What you are asked to do: With the pictures omitted, print exactly the lines below, from the one containing "Тип 1 – с цилиндрическим" through the one containing "Chrome Metal Legs", and nothing else.

Data records Block Start

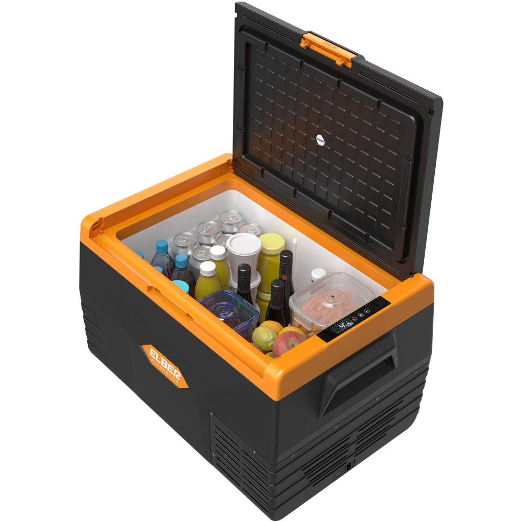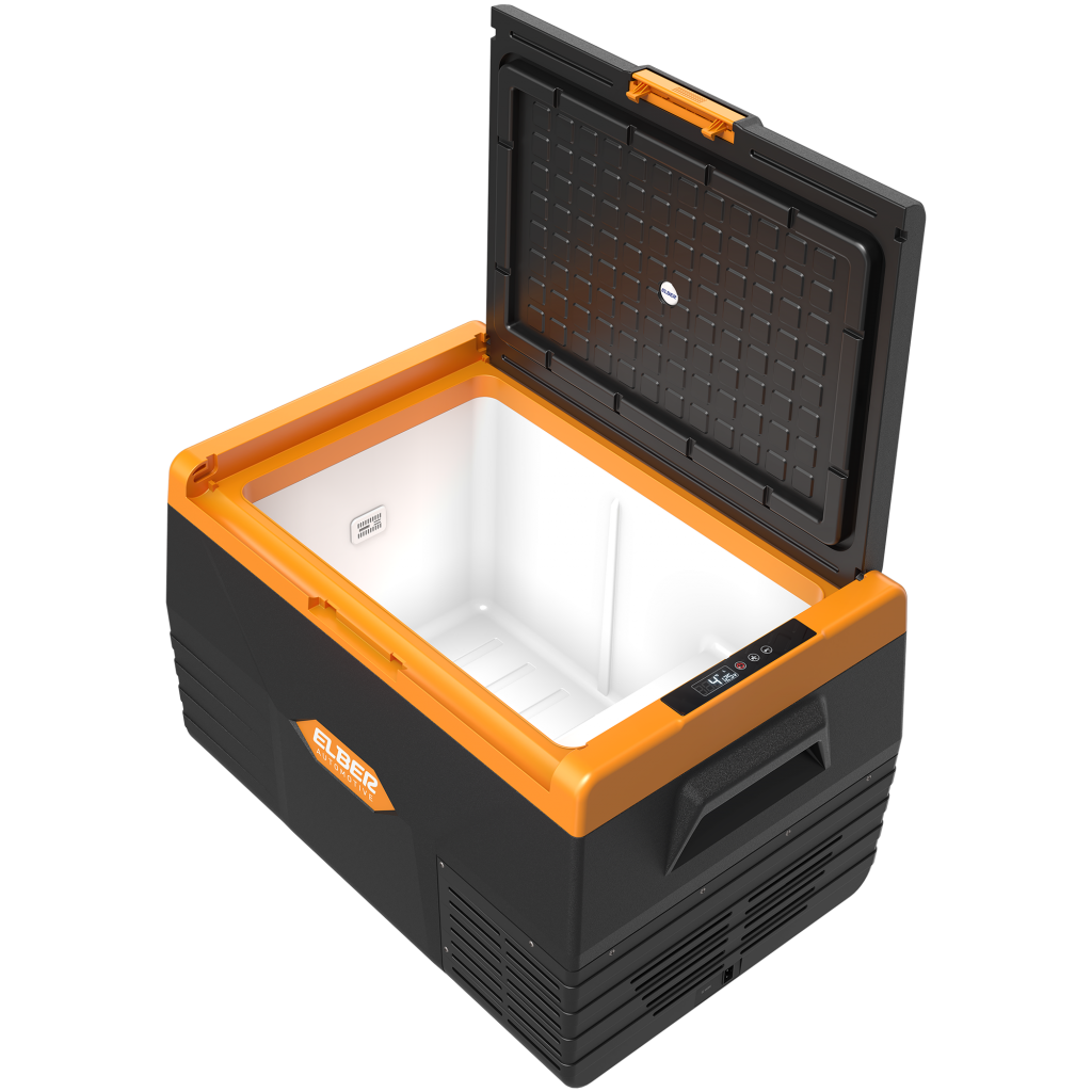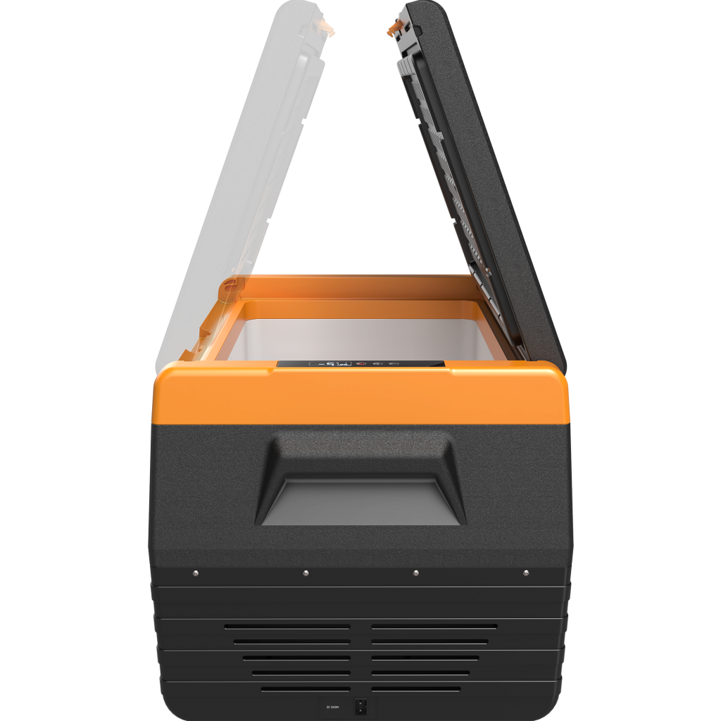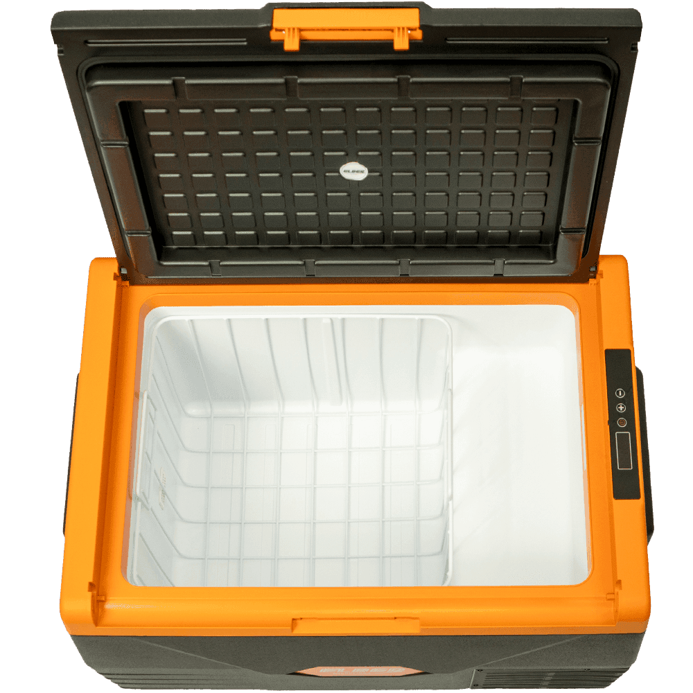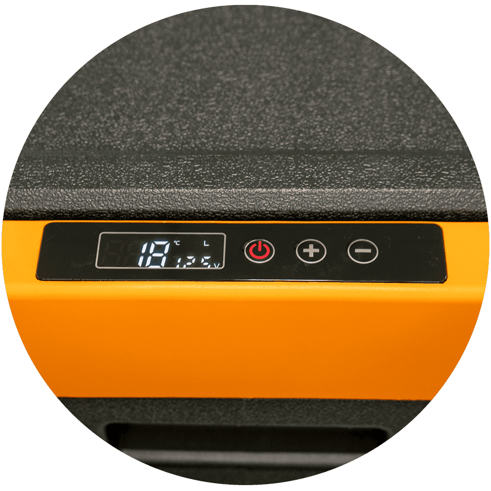 Tipo Portátil Dimensões Externas (cm) L: 69 x P: 48 x A: 43.6 cm Cor Preto com Laranja Peso (Kg) 16 Tensão 12V/24V (opcional: fonte 110/220V) Unidade Compressora Compressor Hermético – Acoplado Gás Refrigerante R134a ecológico Garantia 24 meses Volume Total (L) 50 Temperatura ajustável do Refrigerador (ºC) -18 a +10°C Laterais Gabinete Externo Plástico Porta Plástico Gabinete Interno Plástico Potência 60W Consumo médio após gelada 12VCC (A/h) Eco: 3.5 | Máx: 7 Consumo médio após gelada 24VCC (A/h) Eco: 1.75 | Máx: 3.5 Características
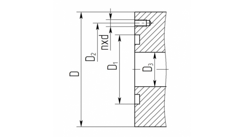 Тип 1 – с цилиндрическим центрирующим пояском и с креплением через промежуточный фланец по ГОСТ 3889
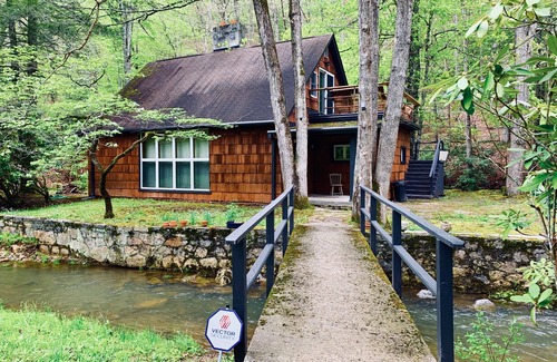 Your own island! Yes, this unique three bedroom property 'Hungry Mother Island' offers the chance to stay surrounded by a babbling creek on your own little isle of mountain paradise. Located on Hungry Mother Creek at Hungry Mother State Park. It’s just off the Back of the Dragon Trail & bordered by Hungry Mother State Park along with George Washington & Jefferson National Forest. Nearby multiple wilderness areas, superb mountain stream fishing, small lake fishing, swimming area & beach, wildlife management areas & miles of trails offer tons of natural amenities and outdoor opportunities. This newly remodeled cabin offers three bedrooms and two bathrooms with a jacuzzi tub in the downstairs bath. Eat in kitchen with stainless appliances, wood slab bar top and butcher block counter tops. Or use interesting dining room table for the whole family to sit down for dinner, all while seeing the creek flow by out of every window. Unwind on the sectional sofa in front of the stone fireplace while streaming your favorite show on the 60" TV. Relax on the rooftop patio or entertain under the lights on the stone patio while grilling out on the large stone fire/charcoal grill. The whole place is yours other than a couple of closet spaces and small areas we use for storage.
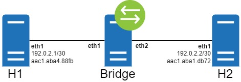 This article will feature three Linux hosts running Ubuntu 20.04. Hosts “H1” and “H2” are both connected to a host named “Bridge” via interface eth1. H1’s eth1 is assigned an IP address of 192.0.2.1/30 with the ip address add 192.0.2.1/30 dev eth1 command.
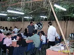 There are, however, those who have different minhagim (customs). Many Hasidic groups have a tradition to recite the morning kiddush and then have refreshments (such as cake) in the sukkah, but to eat both the evening and morning main meals inside, notwithstanding the Talmudic ruling to the contrary. Others eat the evening meal of Shemini Atzeret indoors but the day meal in the sukkah. Each of these approaches addresses aspects of the dual nature of Shemini Atzeret.[40]
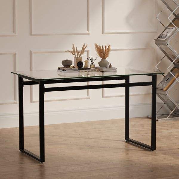 51\" Modern Minimalist Rectangular Dining Table for 4 6 with 0.31\" Tempered Glass Top and Black Chrome Metal Legs
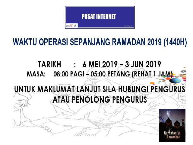 6 May 2019 | Aktiviti TerkiniBerikut adalah Notis Waktu Operasi Pusat Internet Pekan Manong pada bulan Ramadhan bermula 6 Mei - 3 Jun 2019
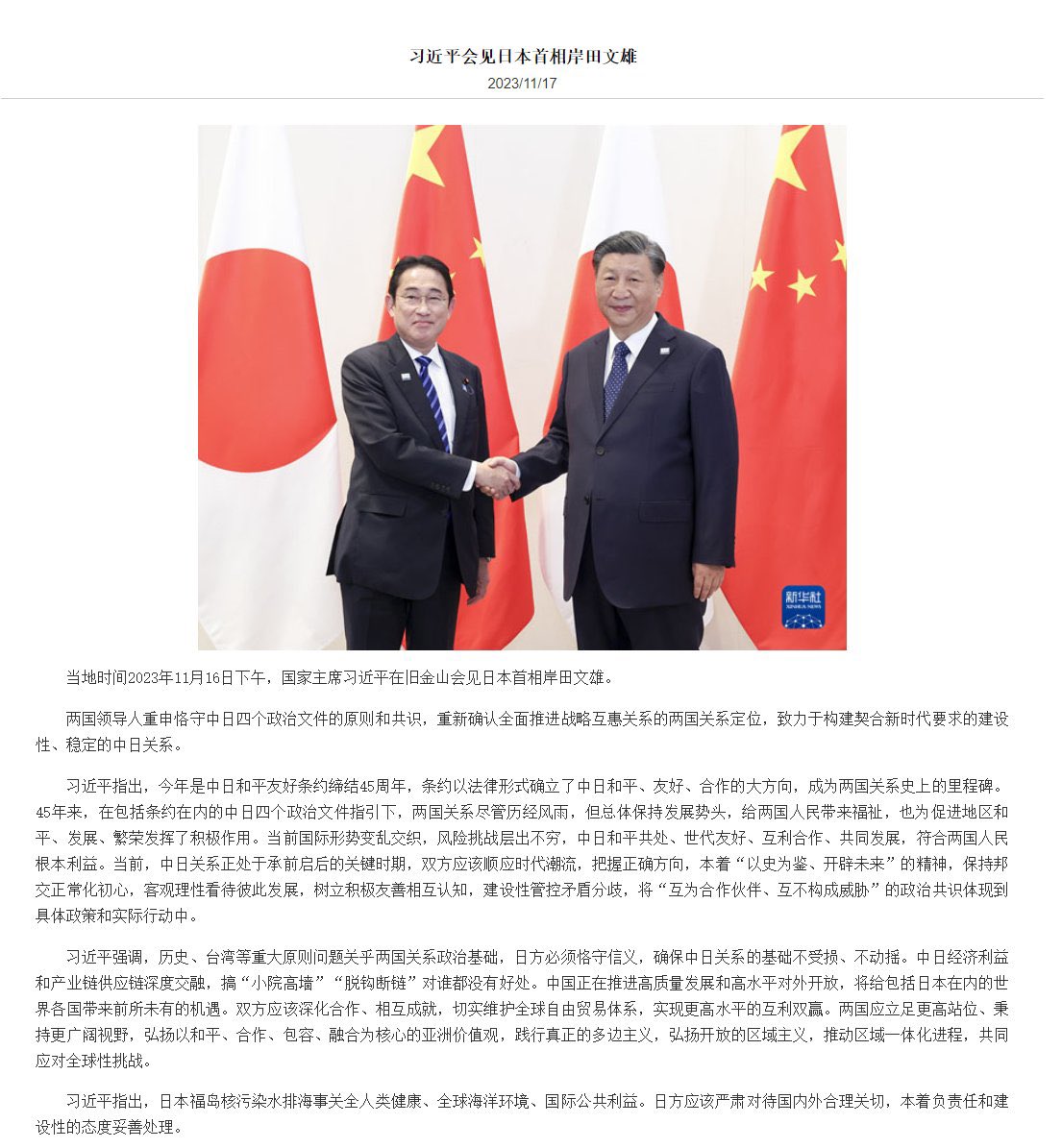 【反日小粉红们要扑街了】 11月17日,习近平与日本首相岸田文雄见面,表示中日和平共处,世代友好符合两国人民根本利益。

Data records Block End

Exercise answer:
 Тип 1 – с цилиндрическим центрирующим пояском и с креплением через промежуточный фланец по ГОСТ 3889
 Your own island! Yes, this unique three bedroom property 'Hungry Mother Island' offers the chance to stay surrounded by a babbling creek on your own little isle of mountain paradise. Located on Hungry Mother Creek at Hungry Mother State Park. It’s just off the Back of the Dragon Trail & bordered by Hungry Mother State Park along with George Washington & Jefferson National Forest. Nearby multiple wilderness areas, superb mountain stream fishing, small lake fishing, swimming area & beach, wildlife management areas & miles of trails offer tons of natural amenities and outdoor opportunities. This newly remodeled cabin offers three bedrooms and two bathrooms with a jacuzzi tub in the downstairs bath. Eat in kitchen with stainless appliances, wood slab bar top and butcher block counter tops. Or use interesting dining room table for the whole family to sit down for dinner, all while seeing the creek flow by out of every window. Unwind on the sectional sofa in front of the stone fireplace while streaming your favorite show on the 60" TV. Relax on the rooftop patio or entertain under the lights on the stone patio while grilling out on the large stone fire/charcoal grill. The whole place is yours other than a couple of closet spaces and small areas we use for storage.
 This article will feature three Linux hosts running Ubuntu 20.04. Hosts “H1” and “H2” are both connected to a host named “Bridge” via interface eth1. H1’s eth1 is assigned an IP address of 192.0.2.1/30 with the ip address add 192.0.2.1/30 dev eth1 command.
 There are, however, those who have different minhagim (customs). Many Hasidic groups have a tradition to recite the morning kiddush and then have refreshments (such as cake) in the sukkah, but to eat both the evening and morning main meals inside, notwithstanding the Talmudic ruling to the contrary. Others eat the evening meal of Shemini Atzeret indoors but the day meal in the sukkah. Each of these approaches addresses aspects of the dual nature of Shemini Atzeret.[40]
 51\" Modern Minimalist Rectangular Dining Table for 4 6 with 0.31\" Tempered Glass Top and Black Chrome Metal Legs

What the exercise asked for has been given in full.